For us it also depends on how easy it is to setup and maintain campaigns. This is one reason why we prefer adwords over overture as the management of an overture campaign is much more cumbersome than Adwords. If the UI sucks (which would be no surpise from microsoft) We'll just use MSN as we do with overture we run the proven keywords and ad copy on it that we have tested with Adwords.

Another big question is how will overture and Google react. I do not expect major price wars but we may get things we have always wanted from Adwords (like more control over the search partners and content targetting).

vibgyor79

9:59 am on Jul 7, 2004 (gmt 0)

WebmasterWorld Senior Member 10+ Year Member



>>> Could an AdWords clone be next?

An exact clone? That is, would MSN ad positioning depend on CTR x CPC factor? I would be doubly excited if MSN comes up the AdWords system.

>>> Where do the ad dollars flow?

The ad dollars go where there are conversions.

sem4u

10:05 am on Jul 7, 2004 (gmt 0)

WebmasterWorld Senior Member 10+ Year Member



I would definitely try it out and if successful probably cut some of the Overture budget.

Shak

10:28 am on Jul 7, 2004 (gmt 0)

WebmasterWorld Senior Member 10+ Year Member



I used to have a direct deal with MSN both on a PPC and a CPM deal.

traffic converts lovely jubbly, sp my money would be there.

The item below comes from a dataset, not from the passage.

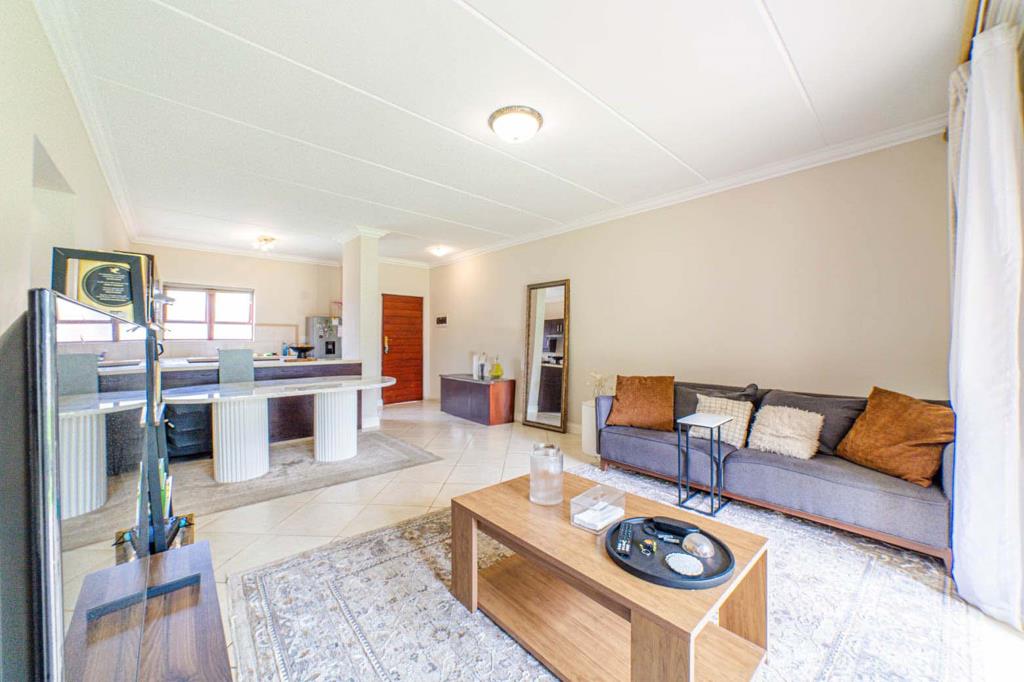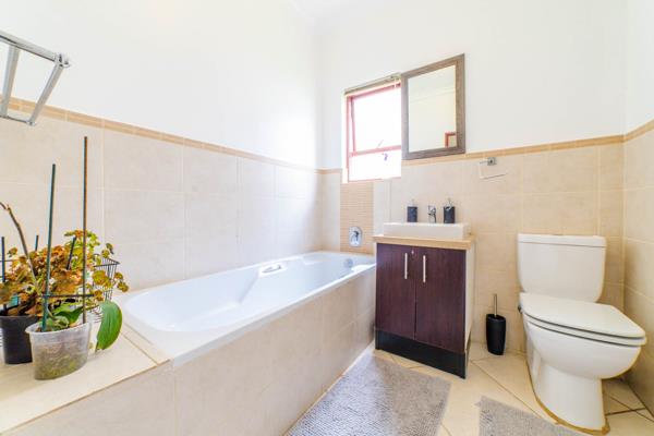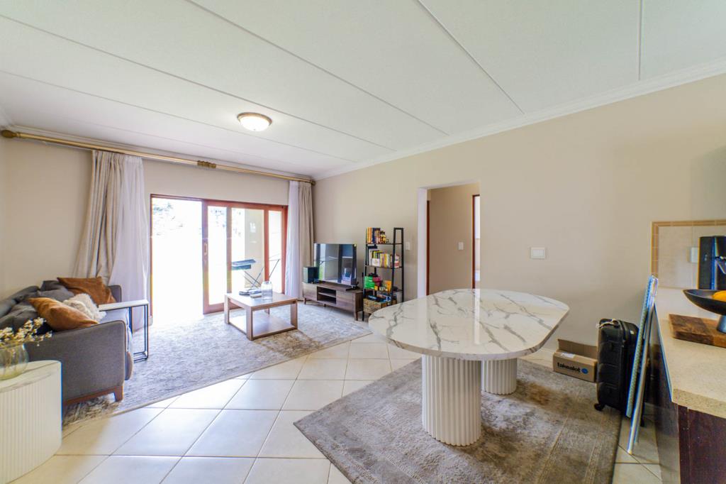 The spacious living area seamlessly integrates the lounge and dining spaces, ensuring a versatile and airy atmosphere. Natural light floods the room, enhancing the sense of space and comfort. A sliding door beckons you to a charming patio, complete with a built-in braai. Whether you''re grilling up a feast or sipping morning coffee, this outdoor haven promises memorable moments in the fresh air.

as for other implications, who knows.

Shak

Syzygy

10:52 am on Jul 7, 2004 (gmt 0)

WebmasterWorld Senior Member 10+ Year Member



Our budgets are very small indeed thus any MSN offering would have to be checked for its feasibility, useability and "returnability".

Budgets - as they are - would then have to be split between existing campaigns and any new platforms. If, however, this speculated model was anything like Overture I'd look to maximise solely via Google.

Syzygy

edit_g

11:06 am on Jul 7, 2004 (gmt 0)

WebmasterWorld Senior Member 10+ Year Member



Test, test, test and invest. :)

From experience I know that a lot of B2C stuff on MSN (having had experience with CPM, tennancy and revenue share deals with them before) converts like no other traffic.

In terms of where the money would come from - it would first come from the profits of other PPC campaigns, then it would pay for itself (otherwise it wouldn't be running...).